Il plaqua le lézard au sol et se coucher sur le long corps prit de convulsions pour l’immobiliser. Alice assistait à la scène surréaliste, totalement paralysée. Elle retrouva ses esprits en voyant le forain chercher sa corde qui était tombée durant le combat et se précipita pour la lui apporter. Elle contourna avec prudence les lutteurs et tendit la corde à bout de bras. Le forain la saisit d’un mouvement sec puis enserra la mâchoire qu’il musela vivement.
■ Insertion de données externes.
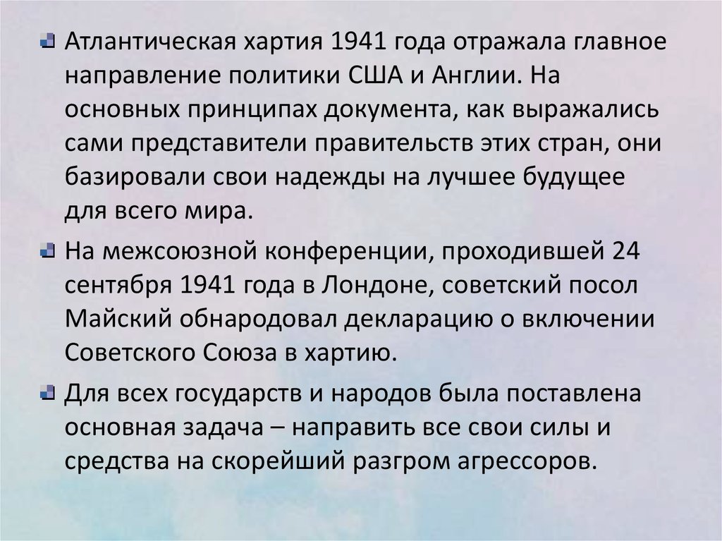 Атлантическая хартия 1941 года отражала главноенаправление политики США и Англии. На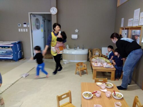 「隣のお家が火事です。逃げてください!」と保育士の声が聞こえてきました。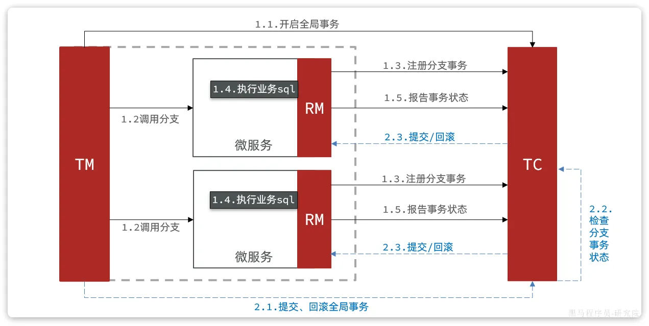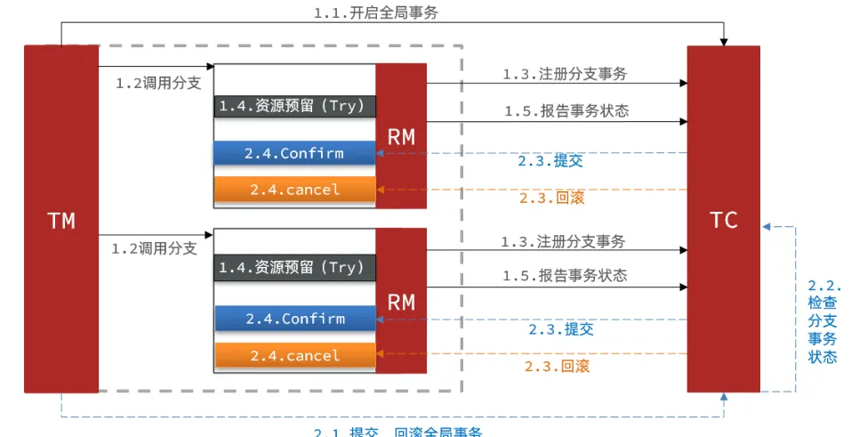 Seata中的TCC模型依然延续之前的事务架构,如图: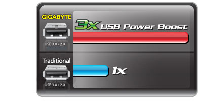 The 3x USB Power Boost from GIGABYTE is designed to deliver the utmost compatibility and stability for USB devices, such as external storage devices or optical drives, by supplying sufficient power through a single USB port. This will help free-up USB ports for using multiple USB devices on one motherboard. |

Ensuite il attacha les pattes, saucissonnant le reptile jusqu’à ce qu’il soit totalement neutralisé.

Fascinée, Alice osa enfin s’approcher. Même ligoté, le lézard dégageait une force brute que la jeune femme n’avait jamais ressentie auparavant. Seule, elle n’aurait pas réussi à lutter contre ces muscles puissants, ces longues griffes meurtrières et ces crocs venimeux et tranchants. La peau épaisse recouverte d’écailles noires, dures et lisses était une véritable cuirasse impénétrable.

Alice aperçu la blessure au niveau de l’épaule.

- Là ! fit-elle remarquer.

- J’ai vu, répondit le forain qui se relevait. Cela l’a affaibli, mais il s’en remettra. C’est coriace ces petites bêtes !

D’un geste, il souleva le varan et le jeta sur ses épaules comme s’il s’agissait d’une simple couverture.

- Les chasseurs n’ont pas fini de battre les bois ! dit-il dans un éclat de rire.

La jeune femme s’amusa de sa réaction. Elle aussi trouvait plaisante l’idée de faire tourner en bourrique tous ces gens prêts à donner la mort pour un oui ou pour un non. Le forain la salua d’un clin d’œil et s’en alla comme il était venu, en rôdeur clandestin.

Alice finit par se demander si tout ceci avait bien été réel.


Elle retrouva Anita et Brutus qui guettaient son retour en trépignant.

- Te voilà enfin ! s’exclama son amie qui lui sauta au cou.

Elle se mit à la palper, inspectant chaque parcelle de son corps, chaque écorchure, pour s’assurer qu’elle se portait bien.

- Rien ne manque ! Tout est en ordre ! soupira-t-elle de soulagement. Je ne vais pas te sermonner, seulement sache que pour rester en bonne santé, les chasses au dragon ne sont pas recommandées !

Alice rit en flattant le doux museau de Brutus qui l’enveloppait de son souffle chaud et rassurant. Le ton moralisateur d’Anita céda la place à la curiosité et l’excitation.

- Que s’est-il passé là-bas ? Tu as rencontré le géant qui pourchassait ce monstre ? Est-ce qu’il t’a parlé ? Tu sais d’où il vient ?

Alice sauta sur Brutus, son arc en travers de son dos, ses flèches sagement rangées dans leur carquois. Elle tendit la main pour aider Anita à grimper.

- Rentrons ! Je te raconterai tout sur le dragon qui n’en était pas un devant un bon repas. Toutes ces émotions m’ont ouvert l’appétit.

Brûlant de la questionner encore, Anita se mordit la langue et prit son mal en patience, se réjouissant d’entendre les aventures d’Alice et du dragon noir.